**The task:**
Starting at the line that contains "It also allows", return every line through the end of the data exactly, without pictures.

**Raw data:**

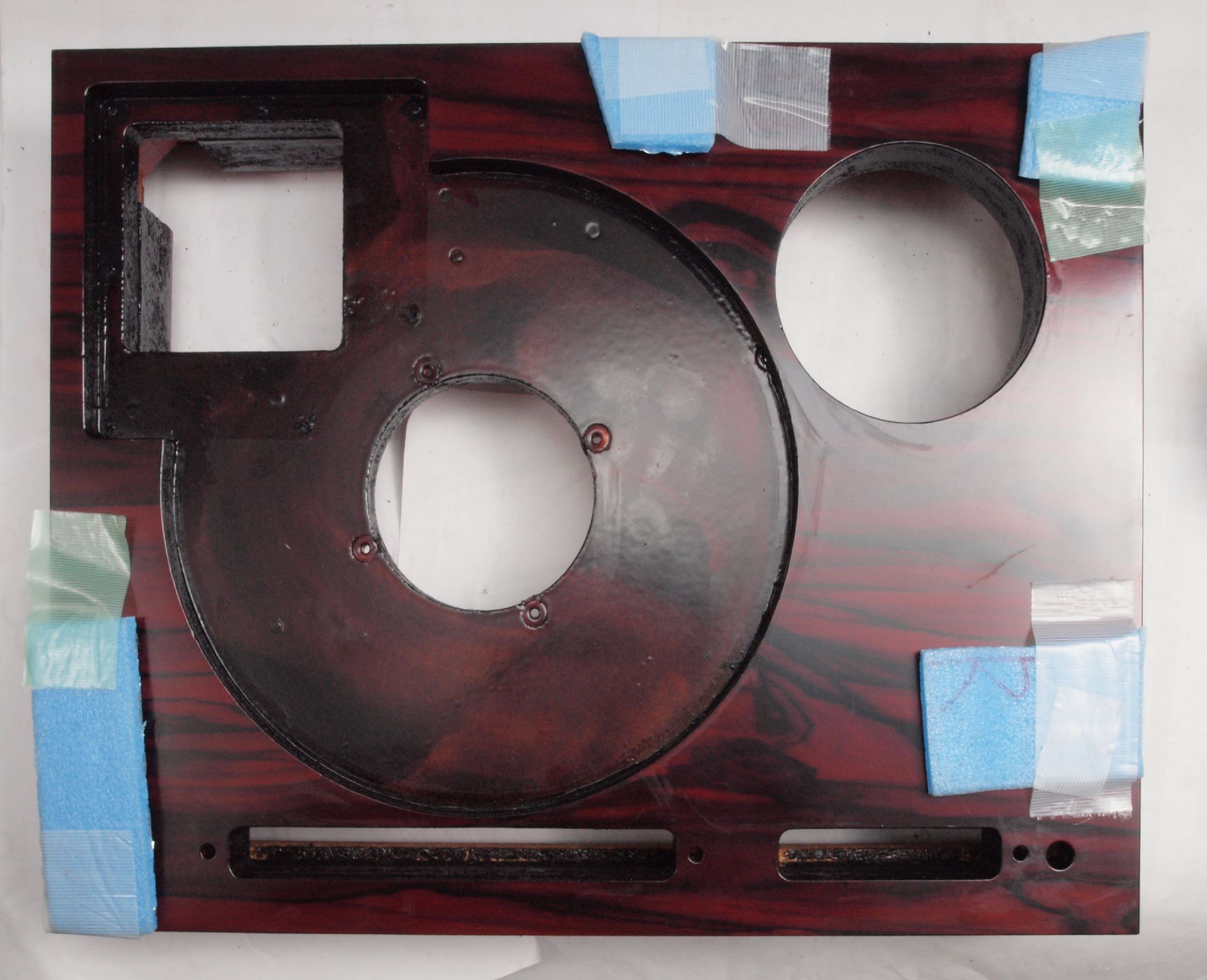 W93. 修理中 底板裏側、アーム取り付け穴、さらに、キズを消す為と割れを防ぐのに、ペンキを塗る。
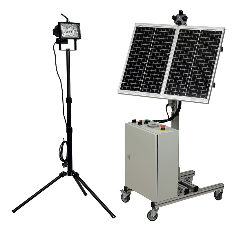 It also allows users to visualize light levels in real time on a graph. TRACSOL2 is completely self-sufficient thanks to batteries recharged by the solar panels. No 230V mains connection is required. Only the artificial solar power source for using TRACSOL2 inside a building is powered by 230 VAC. The voltage from the solar panels is available at two safety terminals.
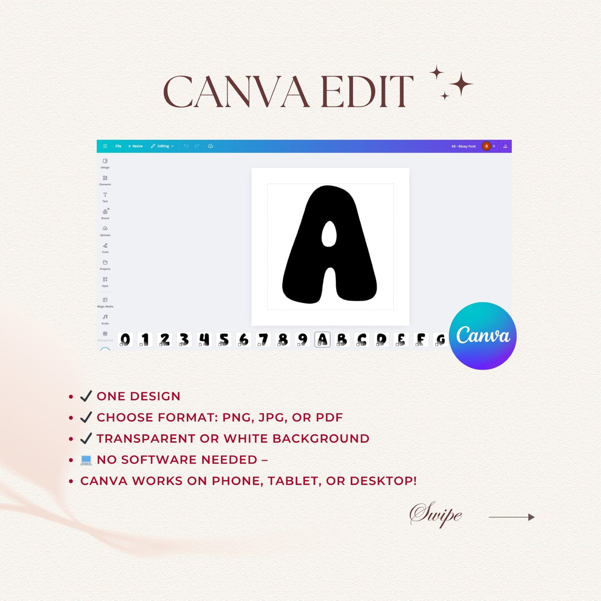 This digital collection features a full alphabet (A-Z) and numbers (0-9) in a fun, Bluey-inspired font. With 36 unique files, this bundle is a must-have for creating custom names, phrases, and age numbers for any Bluey fan.
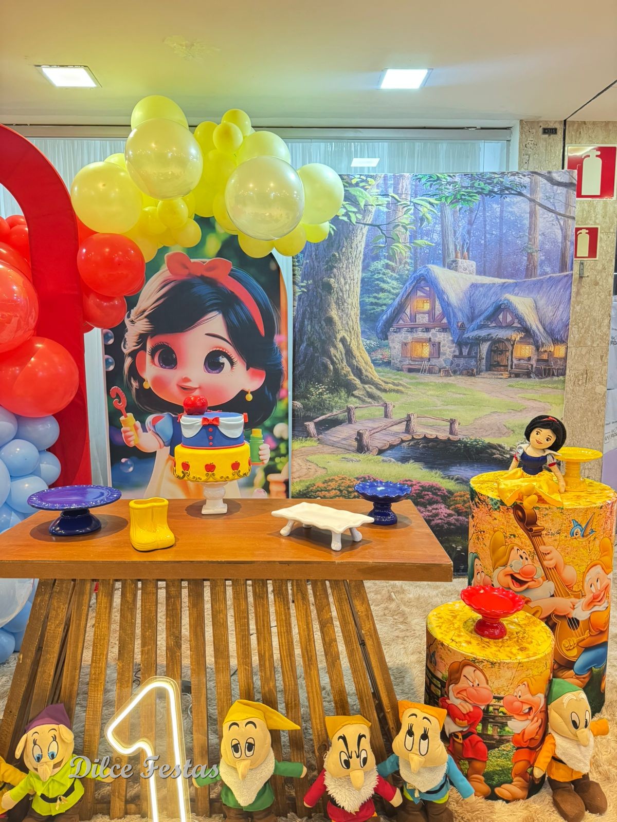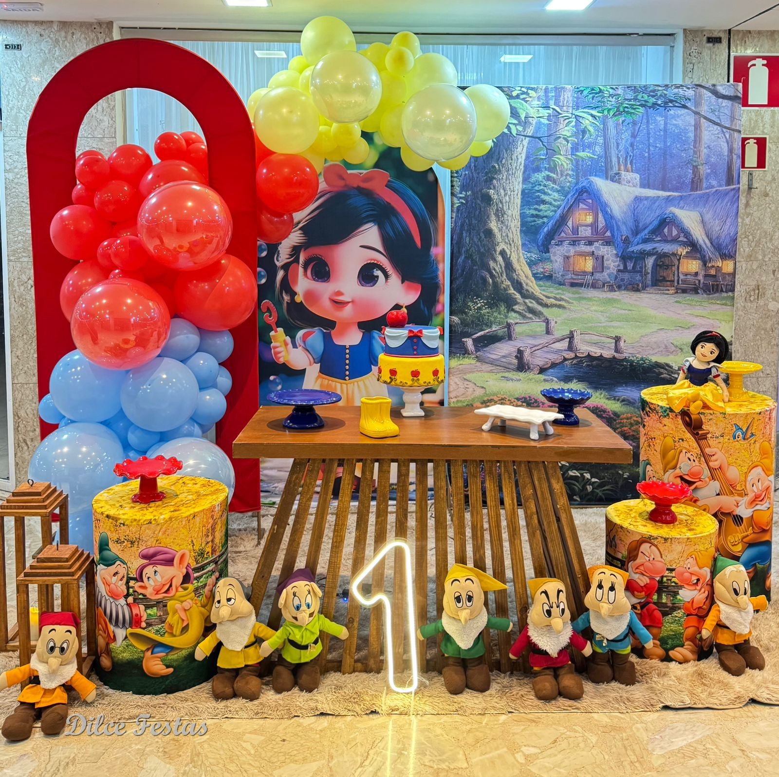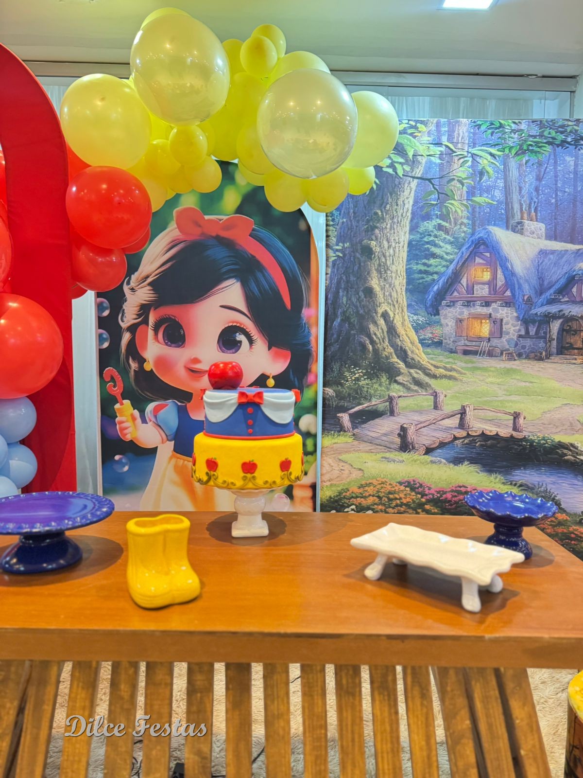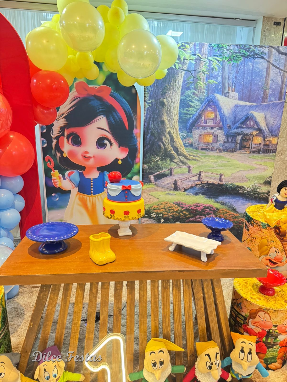 1 Aninho Branca de Neve Baby Painel Oval com Portal Álbum III – Trabalho em Balões com Arco Orgânico

**Answer area:**
 It also allows users to visualize light levels in real time on a graph. TRACSOL2 is completely self-sufficient thanks to batteries recharged by the solar panels. No 230V mains connection is required. Only the artificial solar power source for using TRACSOL2 inside a building is powered by 230 VAC. The voltage from the solar panels is available at two safety terminals.
 This digital collection features a full alphabet (A-Z) and numbers (0-9) in a fun, Bluey-inspired font. With 36 unique files, this bundle is a must-have for creating custom names, phrases, and age numbers for any Bluey fan.
 1 Aninho Branca de Neve Baby Painel Oval com Portal Álbum III – Trabalho em Balões com Arco Orgânico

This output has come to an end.